**Activity**
Given the entries below, would you transcribe exactly the lines starting at the one with "- TVL 감소: Vana의" and ending at the one with "in excellent condition.", both kept, pictures omitted, nothing extra?
───── Listed entries ─────
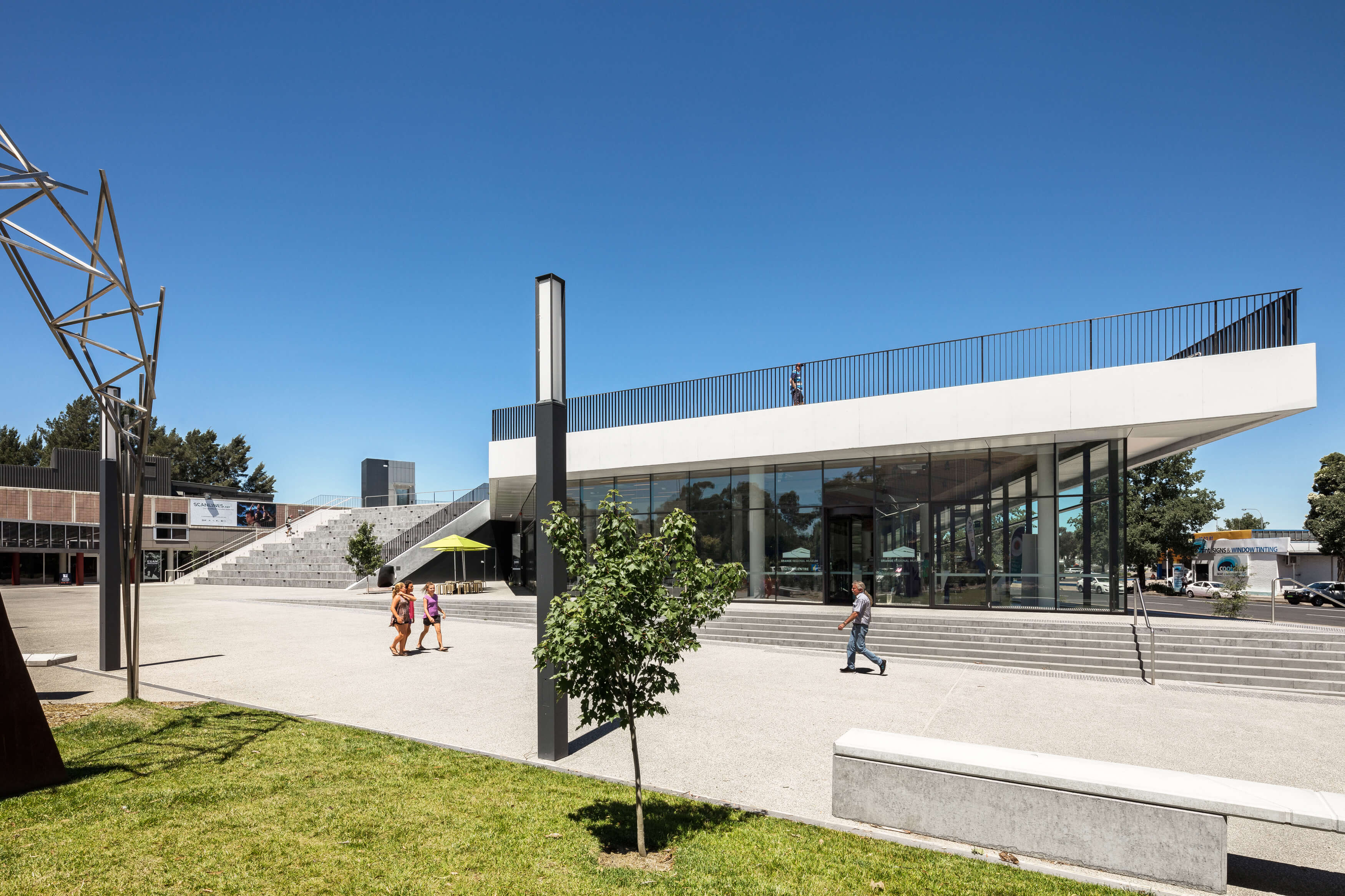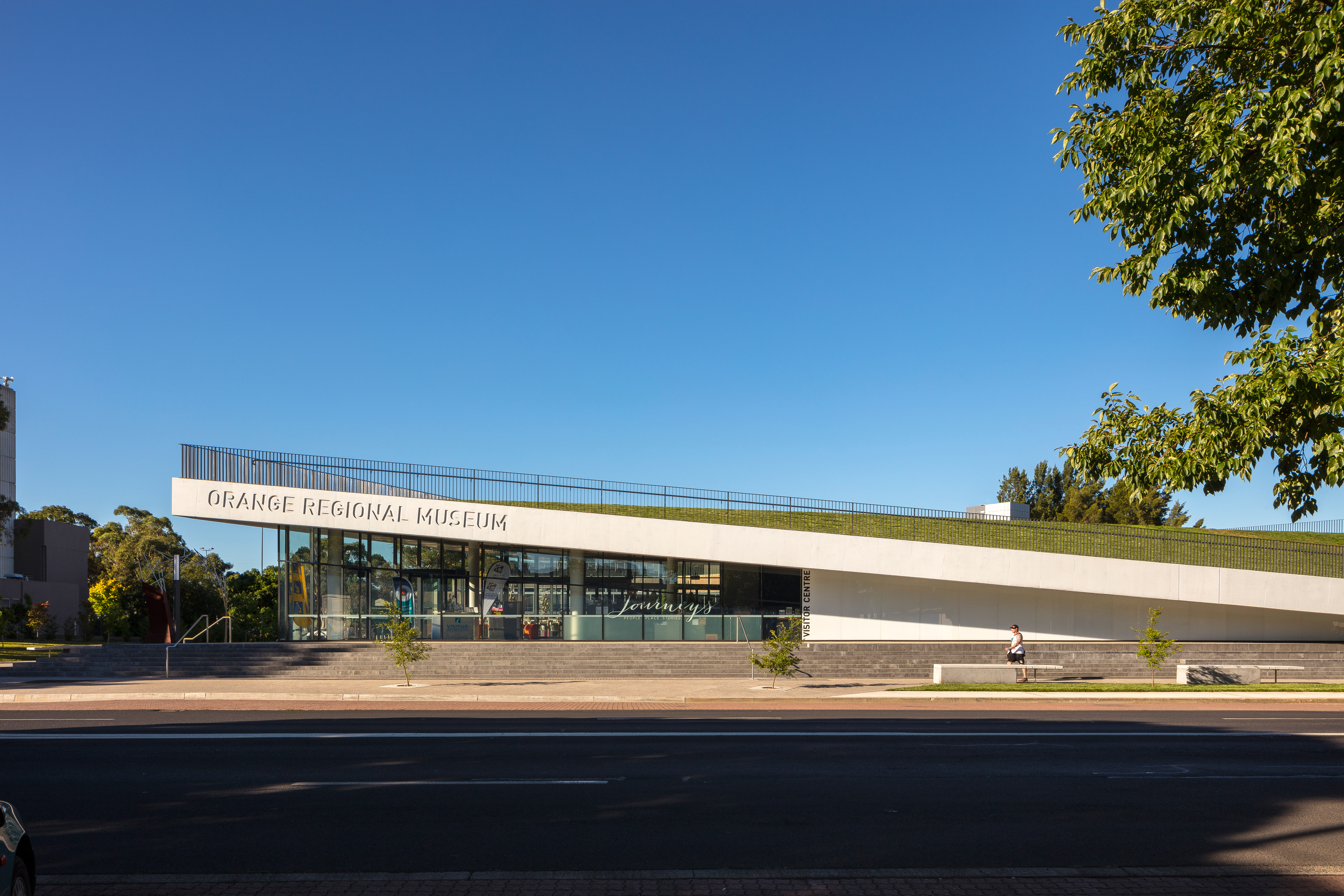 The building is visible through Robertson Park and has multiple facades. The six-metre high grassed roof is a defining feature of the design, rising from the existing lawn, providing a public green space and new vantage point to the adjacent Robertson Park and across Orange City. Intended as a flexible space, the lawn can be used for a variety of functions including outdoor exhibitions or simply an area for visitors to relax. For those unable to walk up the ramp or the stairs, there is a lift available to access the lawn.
─────
───── Listed entries ─────
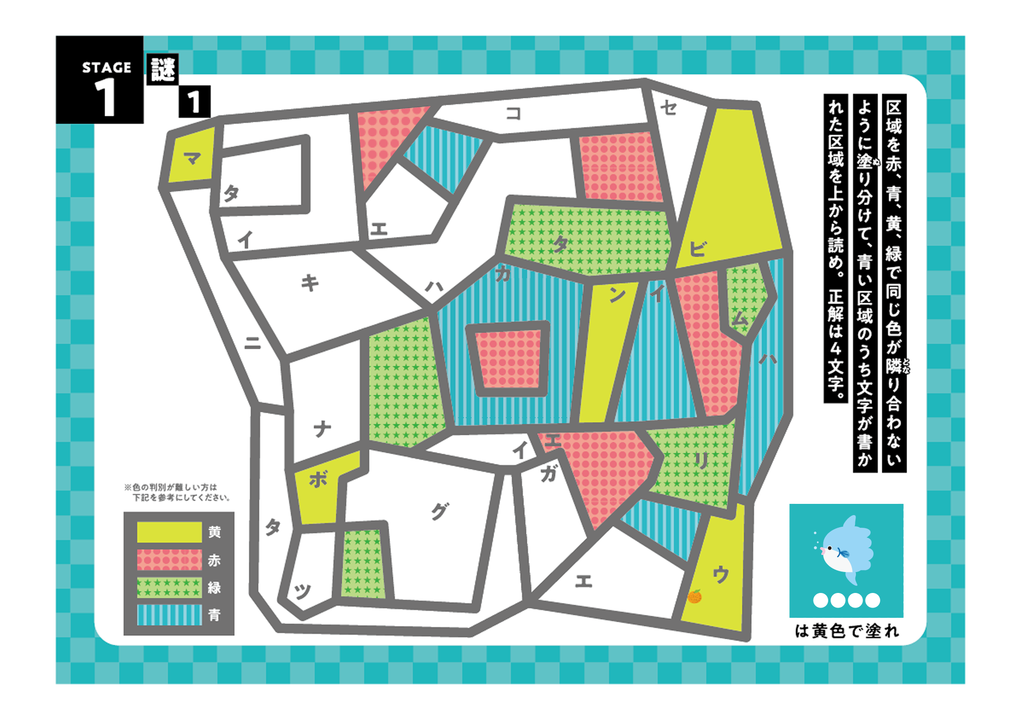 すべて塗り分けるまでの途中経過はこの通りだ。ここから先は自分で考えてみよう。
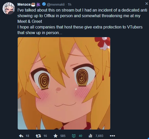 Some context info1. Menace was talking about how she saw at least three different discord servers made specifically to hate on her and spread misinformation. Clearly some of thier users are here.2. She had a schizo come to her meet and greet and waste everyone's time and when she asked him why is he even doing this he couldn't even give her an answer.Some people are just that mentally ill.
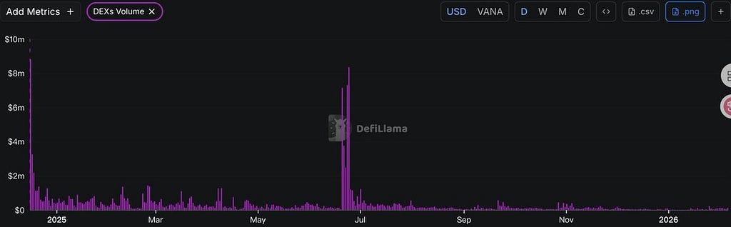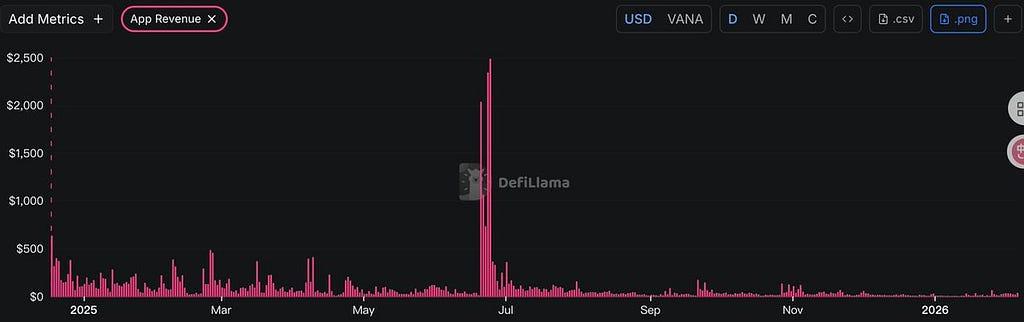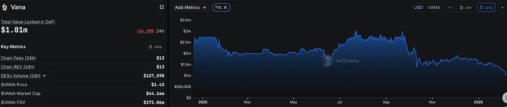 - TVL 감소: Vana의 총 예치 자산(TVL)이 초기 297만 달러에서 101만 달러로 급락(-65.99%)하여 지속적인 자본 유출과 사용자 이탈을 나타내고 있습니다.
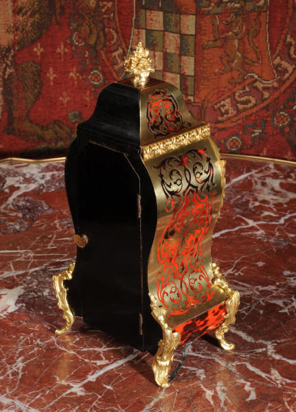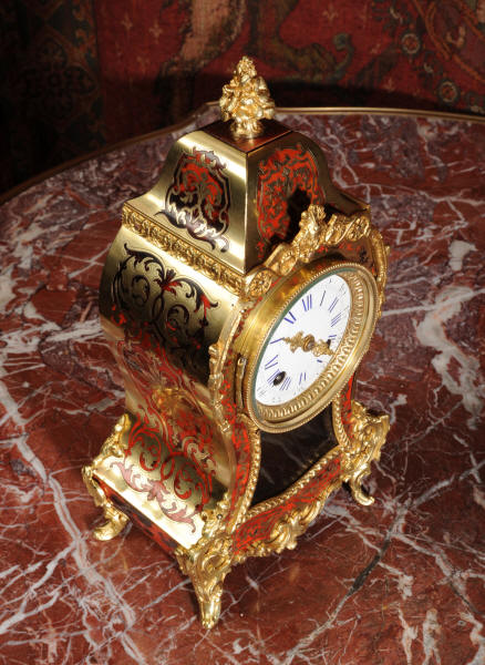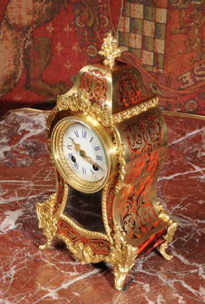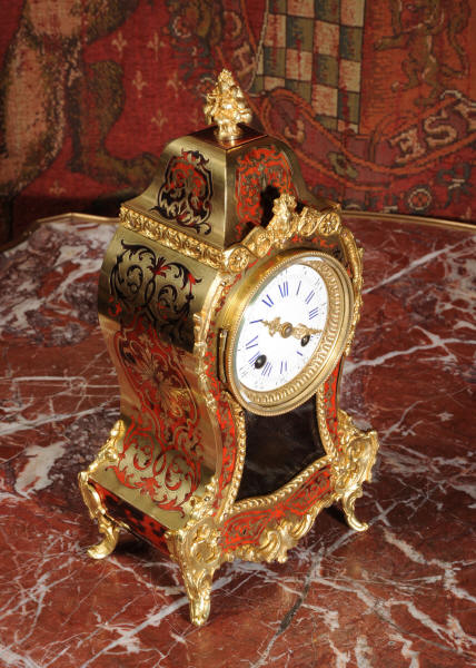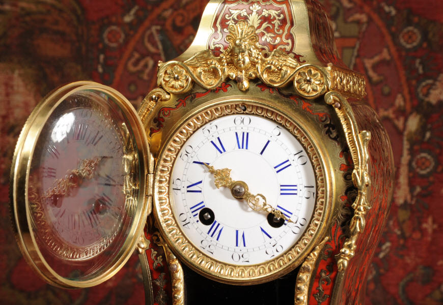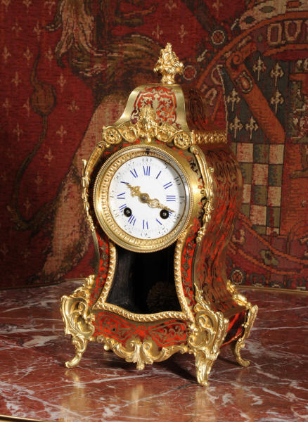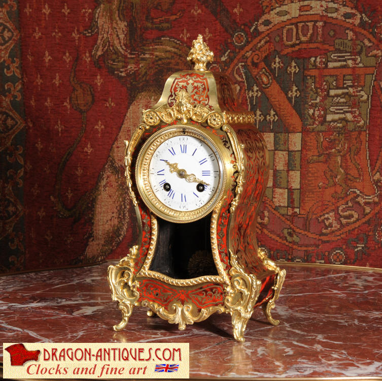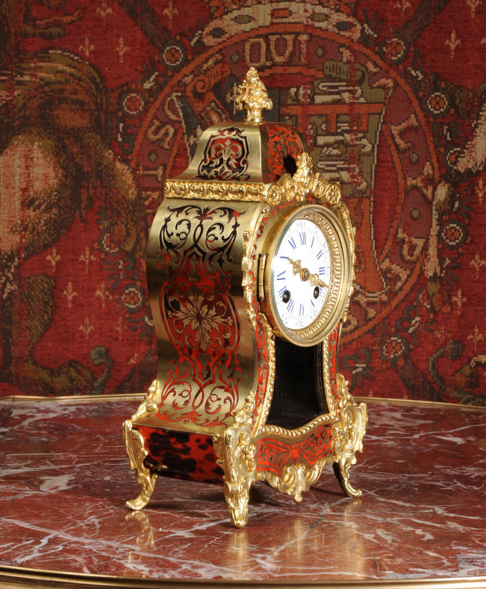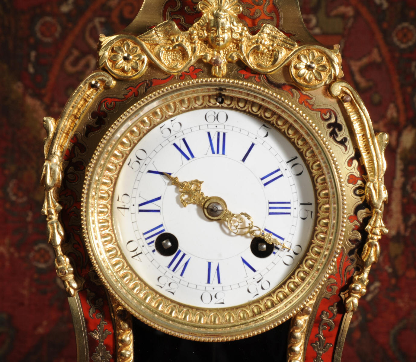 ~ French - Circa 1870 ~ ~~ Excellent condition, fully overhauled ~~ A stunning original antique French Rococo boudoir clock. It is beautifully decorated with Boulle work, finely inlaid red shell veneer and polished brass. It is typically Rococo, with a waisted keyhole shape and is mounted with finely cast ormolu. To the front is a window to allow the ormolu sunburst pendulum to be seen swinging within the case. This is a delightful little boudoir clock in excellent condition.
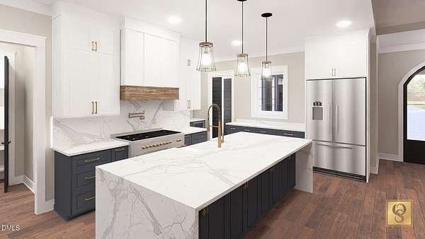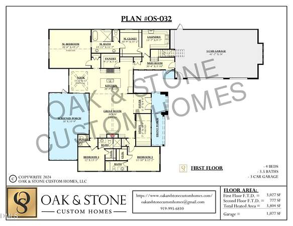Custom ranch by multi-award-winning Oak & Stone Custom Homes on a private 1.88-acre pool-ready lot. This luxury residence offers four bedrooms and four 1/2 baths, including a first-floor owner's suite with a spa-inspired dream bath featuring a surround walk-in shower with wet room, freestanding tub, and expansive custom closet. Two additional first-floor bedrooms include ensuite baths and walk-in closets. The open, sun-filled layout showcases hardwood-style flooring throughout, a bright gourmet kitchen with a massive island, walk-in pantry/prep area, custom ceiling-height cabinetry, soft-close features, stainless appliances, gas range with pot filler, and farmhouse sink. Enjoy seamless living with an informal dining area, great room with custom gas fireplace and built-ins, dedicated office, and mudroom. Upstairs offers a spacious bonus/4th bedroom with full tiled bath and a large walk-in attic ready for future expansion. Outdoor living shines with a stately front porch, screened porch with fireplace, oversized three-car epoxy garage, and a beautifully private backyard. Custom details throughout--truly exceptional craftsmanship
─────
**Answer section**
 - TVL 감소: Vana의 총 예치 자산(TVL)이 초기 297만 달러에서 101만 달러로 급락(-65.99%)하여 지속적인 자본 유출과 사용자 이탈을 나타내고 있습니다.
 ~ French - Circa 1870 ~ ~~ Excellent condition, fully overhauled ~~ A stunning original antique French Rococo boudoir clock. It is beautifully decorated with Boulle work, finely inlaid red shell veneer and polished brass. It is typically Rococo, with a waisted keyhole shape and is mounted with finely cast ormolu. To the front is a window to allow the ormolu sunburst pendulum to be seen swinging within the case. This is a delightful little boudoir clock in excellent condition.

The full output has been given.